On August 11, 1915, in Exeter, Mr. Hayes was united in marriage to Miss Ella Jackson, who also is a native of Ohio, born in Decatur, Brown county, in the old Buckeye state, daughter of Winfield Jackson. Mr. and Mrs. Hayes have one child : A son, Len Eugene Hayes, born in 1917. Mr. and Mrs. Hayes have a pleasant home in Exeter and take an interested and helpful part in the communitys general social activities. Mrs. Hayes is a member of the locally influential Womans Club of Exeter and she and Mr. Hayes are active members of the local chapter of the Order of the Eastern Star, of which Mr. Hayes is a past patron.
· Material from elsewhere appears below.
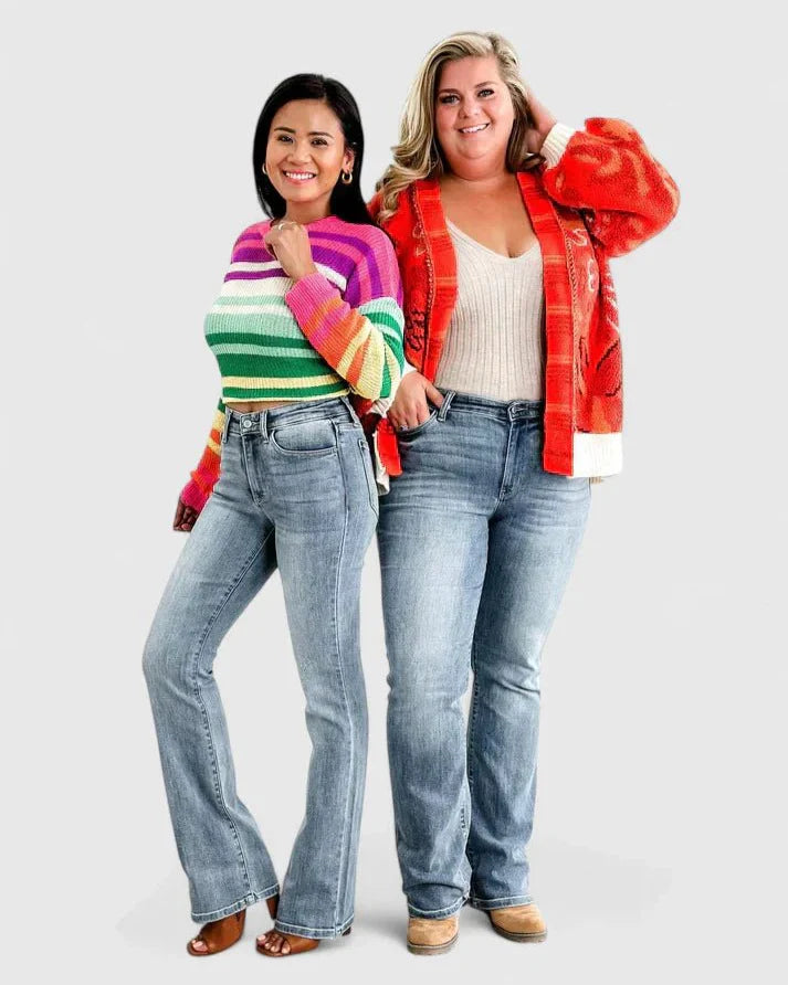 - Tidløs bootcut-snit der forlænger benene og balancerer proportionerne.

He also is a past worshipful master of the local lodge of the Masonic order and in that order has attained to the highest degrees available to the inquirer, up through the Scottish Rite to the thirty-second degree and including also the Royal Arch and Knights Templar (York Rite) degrees ; present scribe of the Royal Arch Masons ; and also a Noble of the Mystic Shrine. He likewise is affiliated with the loca1 lodge of the Knights of Pythias, and with the Exeter Kiwanis Club.